▶ _Exercise material_

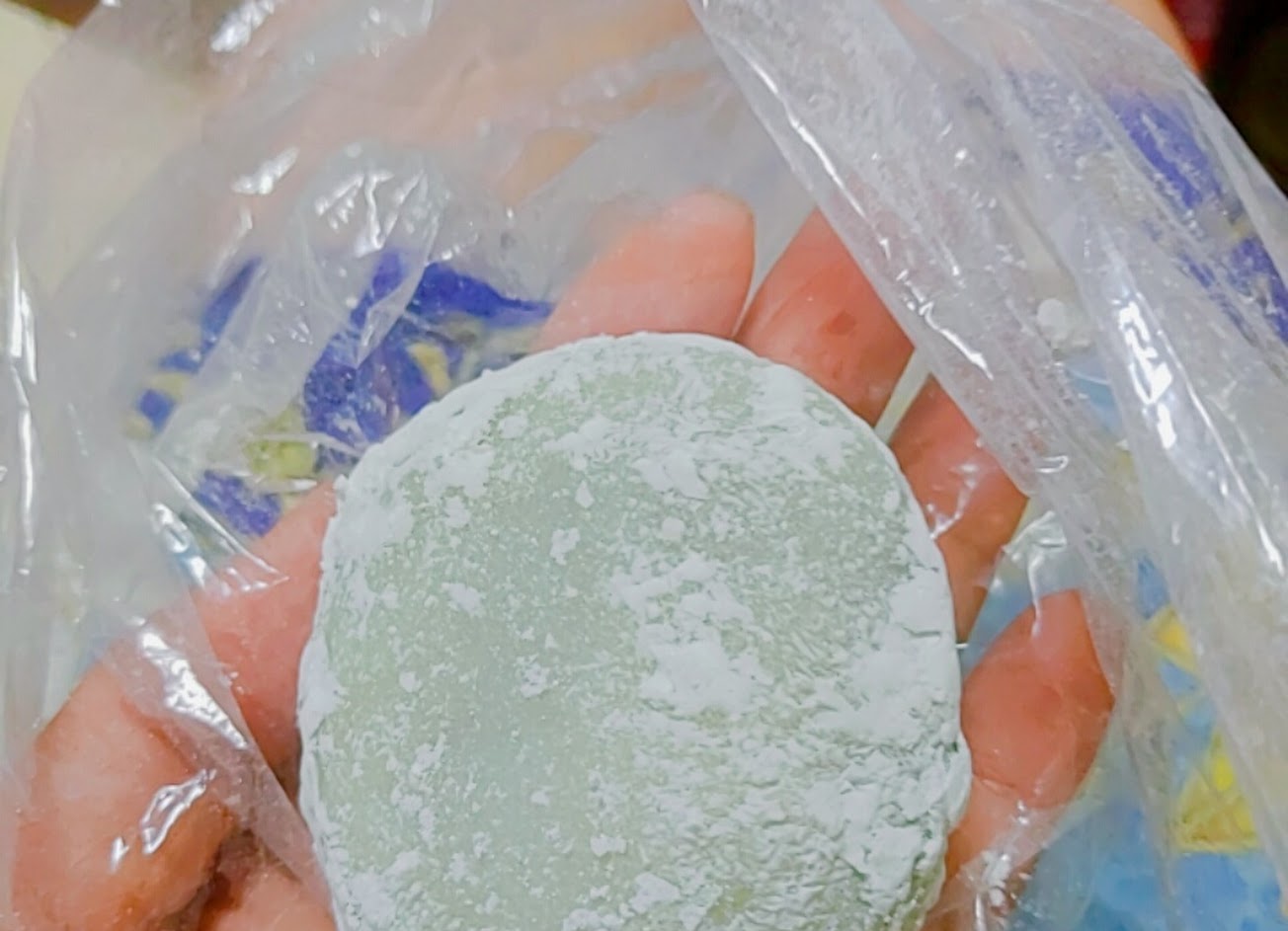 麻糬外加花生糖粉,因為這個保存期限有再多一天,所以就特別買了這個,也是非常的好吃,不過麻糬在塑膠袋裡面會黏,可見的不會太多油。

...

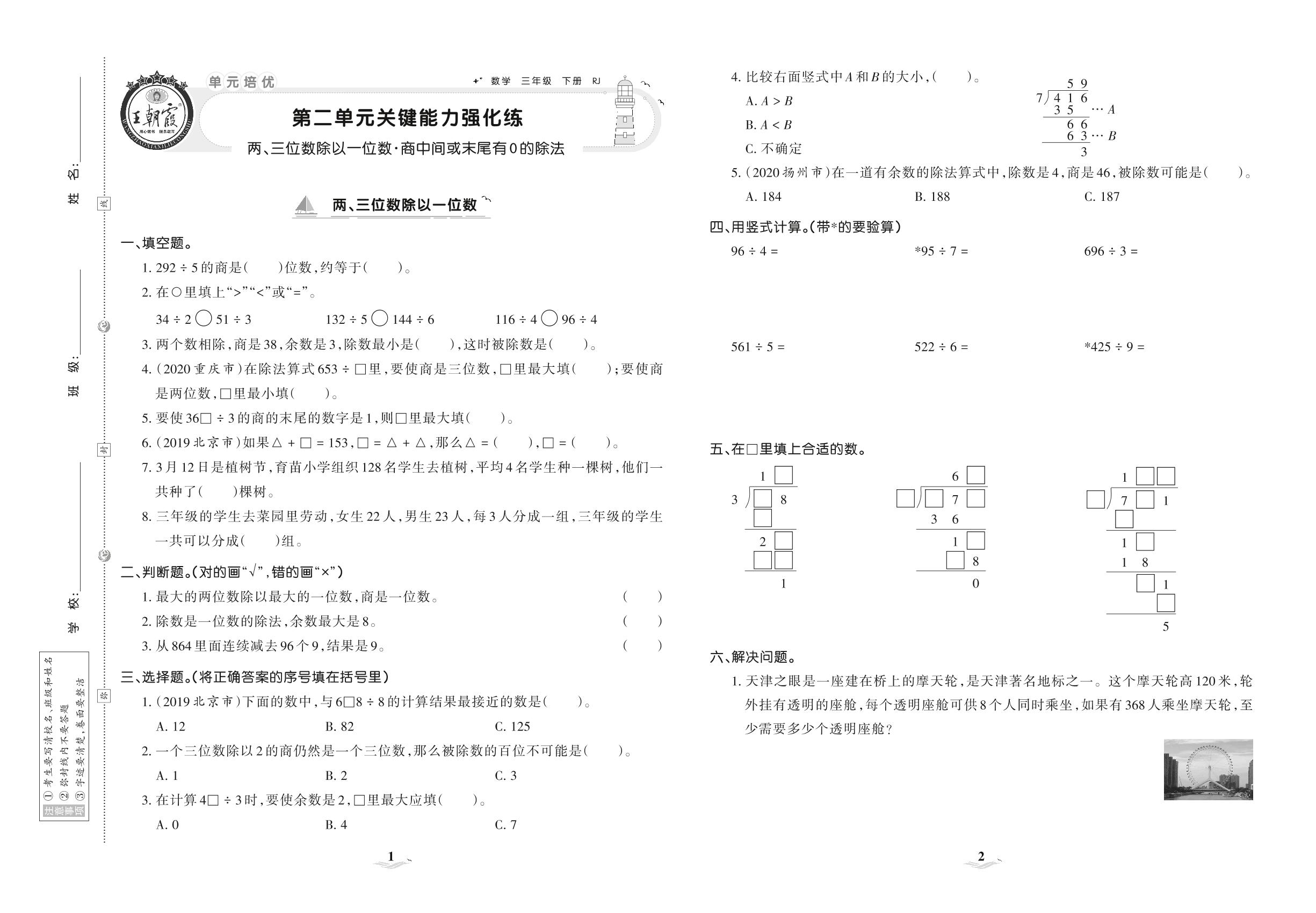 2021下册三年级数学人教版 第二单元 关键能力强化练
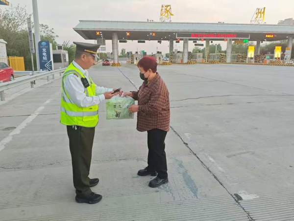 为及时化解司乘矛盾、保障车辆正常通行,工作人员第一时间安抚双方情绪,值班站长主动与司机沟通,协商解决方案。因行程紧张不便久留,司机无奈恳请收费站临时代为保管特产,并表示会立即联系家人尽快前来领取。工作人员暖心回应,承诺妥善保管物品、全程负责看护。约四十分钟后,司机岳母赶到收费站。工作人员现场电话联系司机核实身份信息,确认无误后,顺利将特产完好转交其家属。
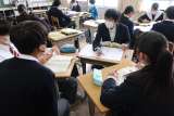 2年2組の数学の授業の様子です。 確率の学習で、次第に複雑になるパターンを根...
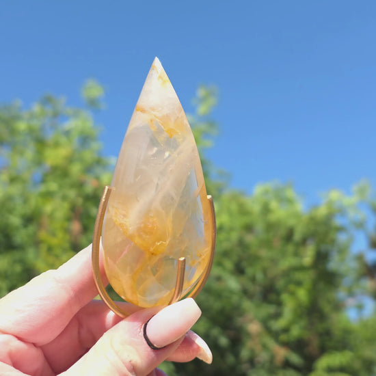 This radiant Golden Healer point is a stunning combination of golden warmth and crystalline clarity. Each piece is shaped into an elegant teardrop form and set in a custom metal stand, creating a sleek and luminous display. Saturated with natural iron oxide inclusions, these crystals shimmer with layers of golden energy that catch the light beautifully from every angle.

▶ _Action item_
Your reply should consist solely of the lines above from the line containing "2021下册三年级数学人教版 第二单元 关键能力强化练" up to and including the line containing "This radiant Golden", reproduced exactly, minus the pictures.

▶ _Output for this task_
 2021下册三年级数学人教版 第二单元 关键能力强化练
 为及时化解司乘矛盾、保障车辆正常通行,工作人员第一时间安抚双方情绪,值班站长主动与司机沟通,协商解决方案。因行程紧张不便久留,司机无奈恳请收费站临时代为保管特产,并表示会立即联系家人尽快前来领取。工作人员暖心回应,承诺妥善保管物品、全程负责看护。约四十分钟后,司机岳母赶到收费站。工作人员现场电话联系司机核实身份信息,确认无误后,顺利将特产完好转交其家属。
 2年2組の数学の授業の様子です。 確率の学習で、次第に複雑になるパターンを根...
 This radiant Golden Healer point is a stunning combination of golden warmth and crystalline clarity. Each piece is shaped into an elegant teardrop form and set in a custom metal stand, creating a sleek and luminous display. Saturated with natural iron oxide inclusions, these crystals shimmer with layers of golden energy that catch the light beautifully from every angle.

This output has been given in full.